God, he was insufferable. I’d seen the man break down twice in twenty-four hours, but he still wouldn’t open up to me.

He picked up a glass from the table next to his chair, drinking deeply from the amber liquid. I doubted he was supposed to be drinking again, but it didn’t seem wise to say so. My heart was rubber, bouncing around my chest uncontrollably.

“Why did my mom have to come visit you right before my sixteenth birthday?”

He leaned forward on his elbows and exhaled heavily through his nose, but he answered without hesitation. He stared into the fire as she spoke. It had to be burning his retinas away. “I tried to kill myself. The first time. Anita found me bleeding out in the bathtub and called an ambulance, but no one rode with me to the hospital. I don’t know how Eva found out what I’d done, but when I woke up, she was sitting beside me. I’m sure Conrad was monitoring me while I was admitted, even if he never came to see me himself. The day they released me to go home, he told me to pack a bag because we had to go to Iowa.”

So it was true. My mother’s heart had broken for her other child, the one she left behind. And when she tried to comfort him, he ended up throwing it in her face. “Didn’t you fight him? Try to talk him out of it?”

He snorted. “Of course not. I’d been released into his care. I had no autonomy while under psychiatric supervision. He threatened to have me institutionalized if I didn’t come along. He barely saw me as human as it was, so it wouldn’t have been that much of a stretch. I didn’t know about you, of course, but he must have.” His tongue darted out to run across his lower lip. “He’d seemed so excited. He must have already decided what he was going to do.” One of his cheeks moved as he gnawed on the inside of his mouth. “I built this house after that. It was the only way I could get distance. There was nowhere else for me to go.”

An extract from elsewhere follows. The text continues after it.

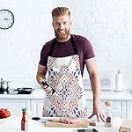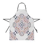 Moslion Mandala Apron 31×27 Inch Aztec Blue Orange Vintage Paisley Ethnic Moroccan Flower Kitchen Chef Waitress Cook Aprons Bib with Adjustable Neck for Women Men Girls

I picked up his free hand and turned it in mine, running my fingers over his wrist. He barely had a scar, but when I looked, I could see a faint line over his pulse point stretching up to his elbow. It was nearly invisible next to the deeper scar on top of his arm, one that had never healed as well for some reason.

“What’s this one from?” I touched the other scar, running my hand over the bump that spanned the length of his forearm. He shook off my hand.